#### WHAT THE TASK ASKS:
Since the listing below shows pictures, leave them out and write out exactly the lines from the line with "Les habitants de" to the line with "Never be without", both included, and no others.

** GIVEN DATA follows **

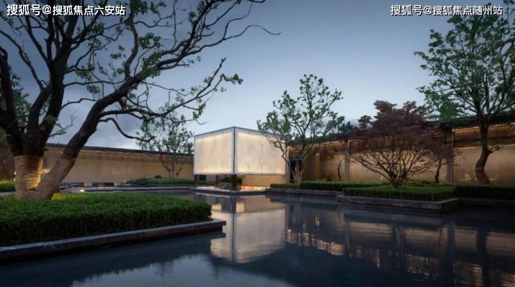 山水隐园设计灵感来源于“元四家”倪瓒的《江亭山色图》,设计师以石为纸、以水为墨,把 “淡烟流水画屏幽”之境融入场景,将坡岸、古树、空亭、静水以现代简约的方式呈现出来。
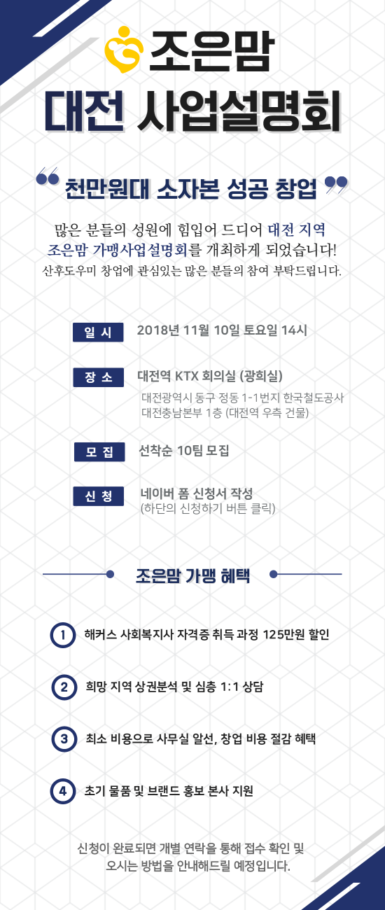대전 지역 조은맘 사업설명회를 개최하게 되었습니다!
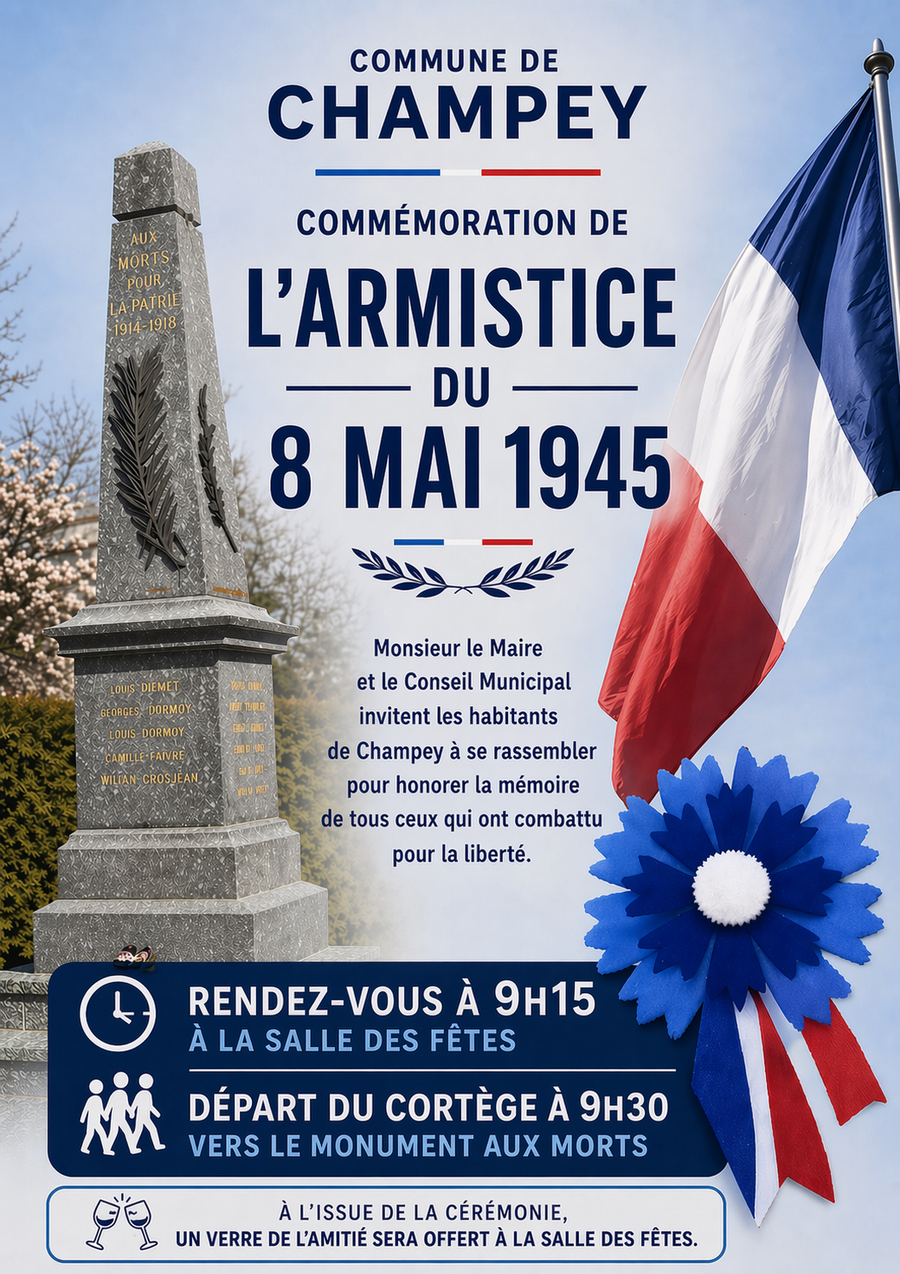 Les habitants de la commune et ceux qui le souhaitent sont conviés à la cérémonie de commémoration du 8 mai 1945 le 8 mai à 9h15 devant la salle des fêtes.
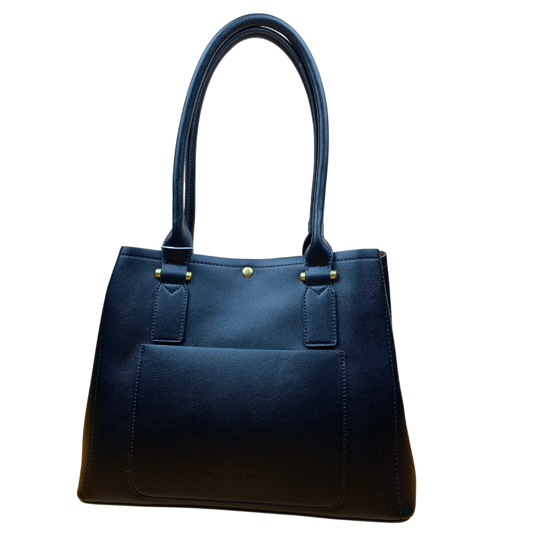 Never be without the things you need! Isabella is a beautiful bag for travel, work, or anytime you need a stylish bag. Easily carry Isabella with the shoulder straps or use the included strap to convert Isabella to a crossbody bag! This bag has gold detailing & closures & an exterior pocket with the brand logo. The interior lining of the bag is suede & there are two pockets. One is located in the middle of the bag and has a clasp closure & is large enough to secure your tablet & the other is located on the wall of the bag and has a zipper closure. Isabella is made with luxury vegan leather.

** End of GIVEN DATA **
** GIVEN DATA follows **

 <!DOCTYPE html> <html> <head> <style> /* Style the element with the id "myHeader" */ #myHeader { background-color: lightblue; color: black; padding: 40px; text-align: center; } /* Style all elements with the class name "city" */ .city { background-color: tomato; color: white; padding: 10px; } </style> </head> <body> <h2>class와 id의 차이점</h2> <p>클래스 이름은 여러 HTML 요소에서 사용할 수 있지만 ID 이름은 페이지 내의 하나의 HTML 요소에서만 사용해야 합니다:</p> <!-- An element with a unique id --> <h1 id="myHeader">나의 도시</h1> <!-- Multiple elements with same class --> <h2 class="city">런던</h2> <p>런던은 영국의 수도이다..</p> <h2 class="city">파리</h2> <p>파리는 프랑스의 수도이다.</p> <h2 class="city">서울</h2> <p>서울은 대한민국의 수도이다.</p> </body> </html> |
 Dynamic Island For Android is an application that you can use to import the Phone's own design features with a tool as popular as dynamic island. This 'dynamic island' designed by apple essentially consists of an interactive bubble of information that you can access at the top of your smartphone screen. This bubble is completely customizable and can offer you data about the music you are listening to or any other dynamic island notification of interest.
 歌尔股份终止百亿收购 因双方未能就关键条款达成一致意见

** End of GIVEN DATA **
** GIVEN DATA follows **

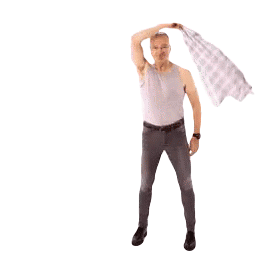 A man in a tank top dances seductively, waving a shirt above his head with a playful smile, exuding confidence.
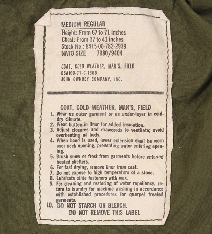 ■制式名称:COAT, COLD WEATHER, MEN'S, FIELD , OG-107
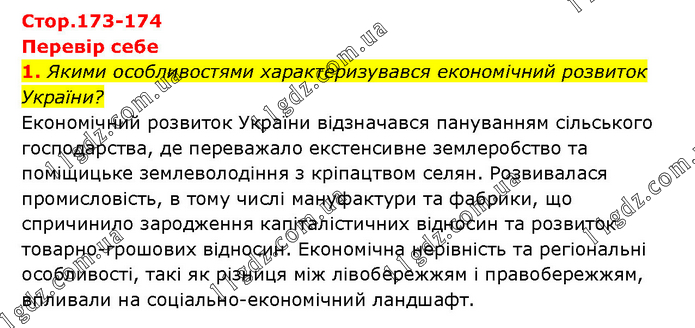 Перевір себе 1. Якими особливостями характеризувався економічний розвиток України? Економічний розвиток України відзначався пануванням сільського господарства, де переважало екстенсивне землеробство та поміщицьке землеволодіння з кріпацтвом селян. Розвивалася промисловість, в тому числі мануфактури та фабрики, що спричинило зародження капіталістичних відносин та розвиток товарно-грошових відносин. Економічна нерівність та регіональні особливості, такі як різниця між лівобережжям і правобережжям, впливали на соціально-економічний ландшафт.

** End of GIVEN DATA **

#### ANSWER SPACE:
 Les habitants de la commune et ceux qui le souhaitent sont conviés à la cérémonie de commémoration du 8 mai 1945 le 8 mai à 9h15 devant la salle des fêtes.
 Never be without the things you need! Isabella is a beautiful bag for travel, work, or anytime you need a stylish bag. Easily carry Isabella with the shoulder straps or use the included strap to convert Isabella to a crossbody bag! This bag has gold detailing & closures & an exterior pocket with the brand logo. The interior lining of the bag is suede & there are two pockets. One is located in the middle of the bag and has a clasp closure & is large enough to secure your tablet & the other is located on the wall of the bag and has a zipper closure. Isabella is made with luxury vegan leather.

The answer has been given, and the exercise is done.